Un viejo y conocido fantasma recorre América Latina, tocando puertas, sonando cacerolas por las calles, pegando sustos de esquina en esquina. De alguna forma reconocemos que el miedo no se ha ido. El temor a su retorno –triunfante, amenazador- ha permanecido. El asunto es que hoy, tras las decepciones democráticas de finales y principios de siglo, este miedo parece difuminado, pequeño a comparación de otros miedos, más nuevos, más frescos, que a ratos parecen tocar más puertas, sonar más cacerolas, y pegar más sustos. El fantasma, aunque casi idéntico, ha sabido modernizarse. Hoy parece menos temible e incluso adecuado. Se presenta como el miedo deseable para atacar –y supuestamente vencer- los otros miedos, los miedos nuevos y frescos.

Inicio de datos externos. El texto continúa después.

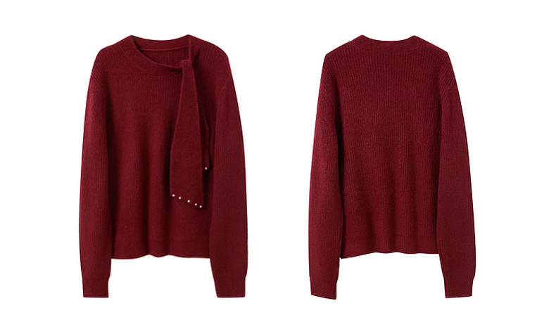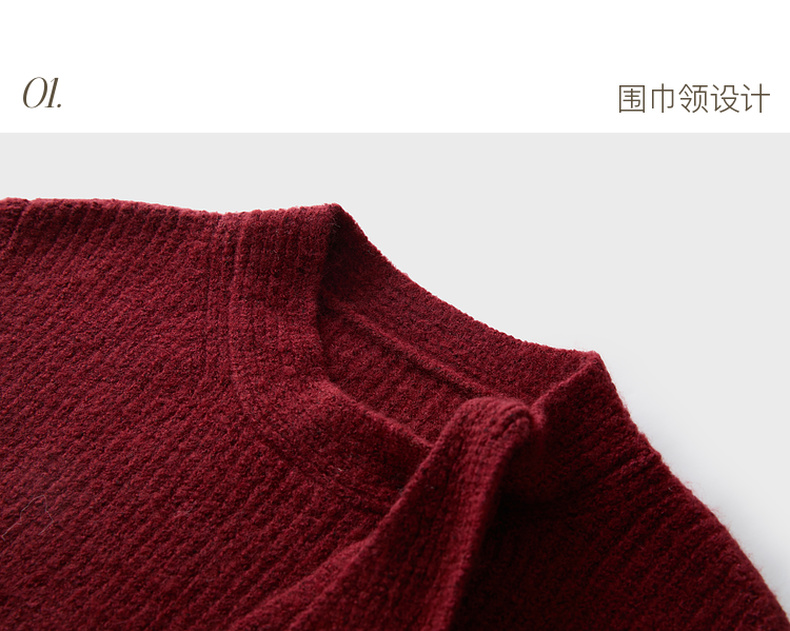三彩2025冬季新款围巾领针织衫宽松长袖套头毛衫休闲纯色百搭M
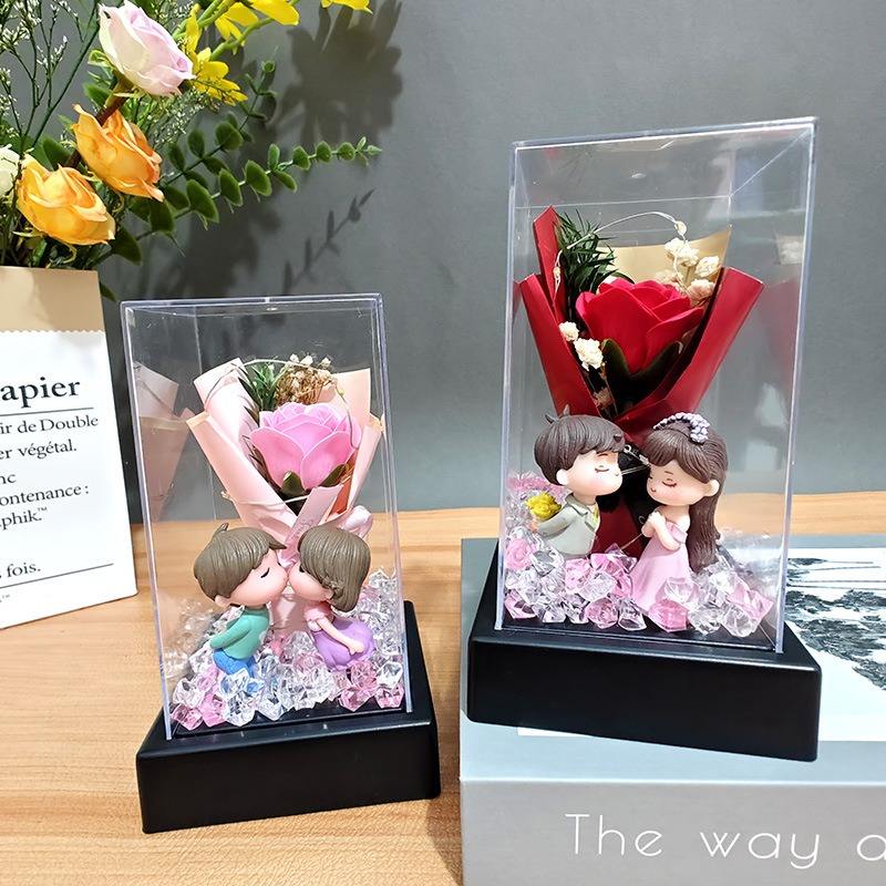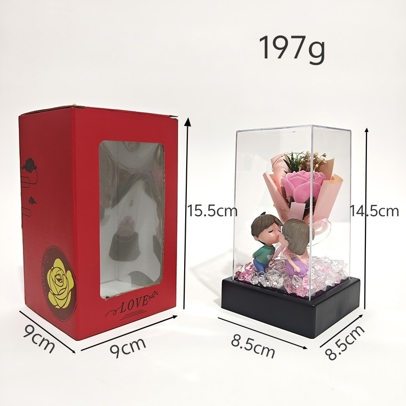 Mini Bouquet di Rose in Sapone con Copertura in Acrilico e LED - Decorazione da Scrivania, Regalo Multiuso (San Valentino, Festa della Mamma) 3 Colori
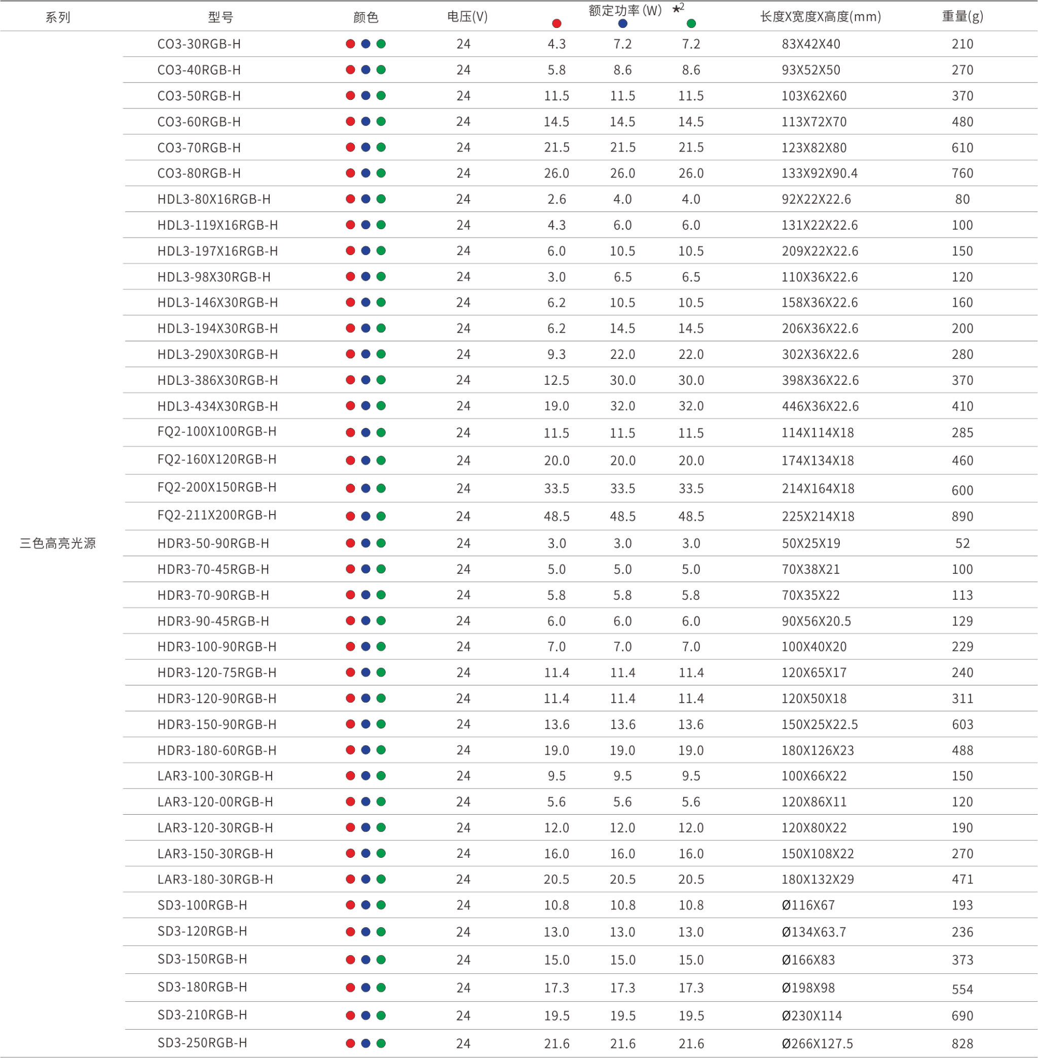 *2 混色可能会导致光源功率增大,建议单独点亮,具体使用请联系对应业务或技术支持
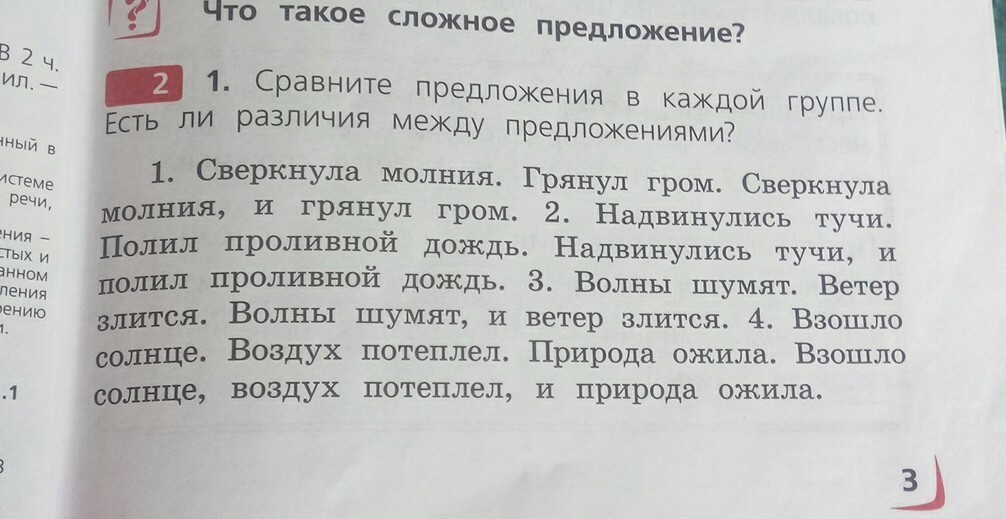 2. Сколько простых предложений в каждой группе составляют сложные предложения? Сравните интонацию простого и сложного предложения. Когда появляется интонацию законченого предложения?
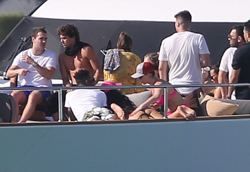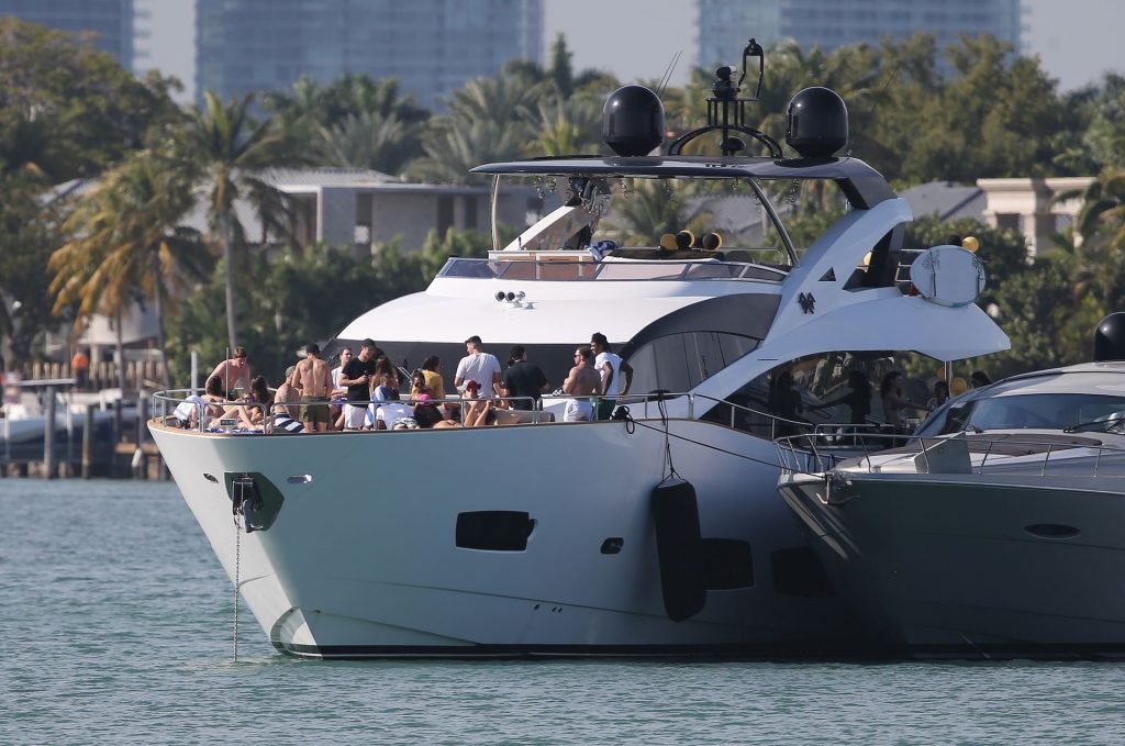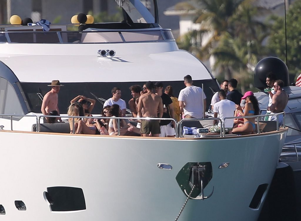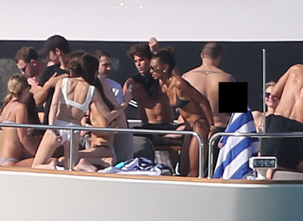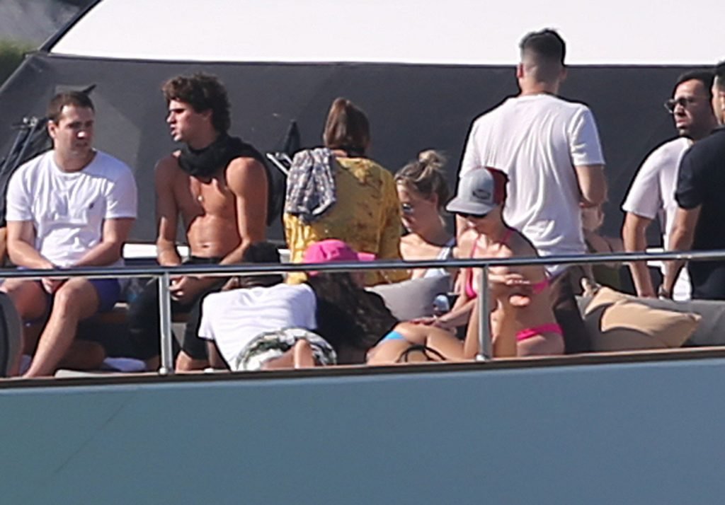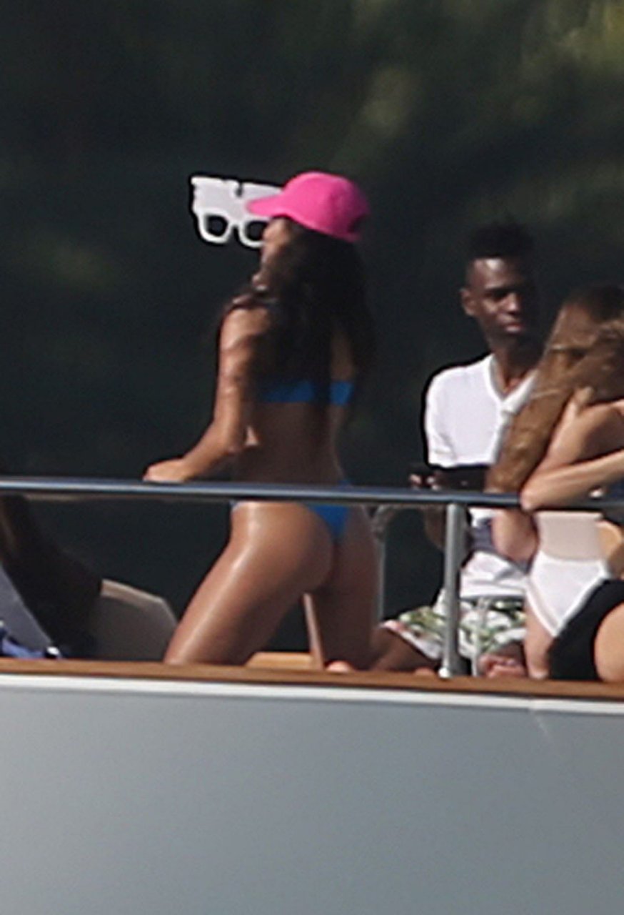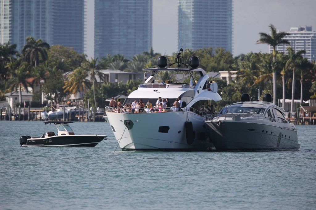 Models Jasmine Tookes (in bikini nero) e Shanina Shaik (in bikini blu) festeggiano il compleanno di Jasmine su uno yacht a Miami, 02/01/2019.
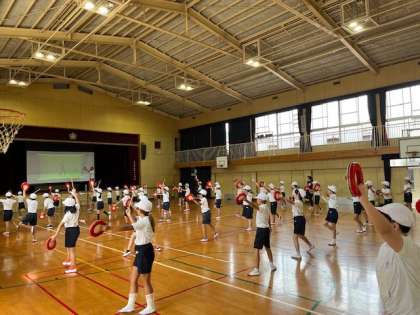 9月19日(木)2時間目、5年はエイサーの練習をしていました。
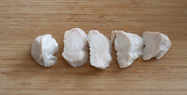① サラダチキンは、1.5cm位の斜め切りにする。

            Hablar de Jair Bolsonaro a estas alturas parece redundante. Mucho se ha escrito y dicho, mucho se ha atacado, y en los casos más temibles, alabado. Su nombre ya resuena con la misma potencia con que hace meses resonaba el nombre del viejo gran sabio, ese otro fantasma, más fresco y más nuevo, que prometía volver con su cara confiable y su mano suave. Pero Lula ya no es protagonista más que de su propia historia.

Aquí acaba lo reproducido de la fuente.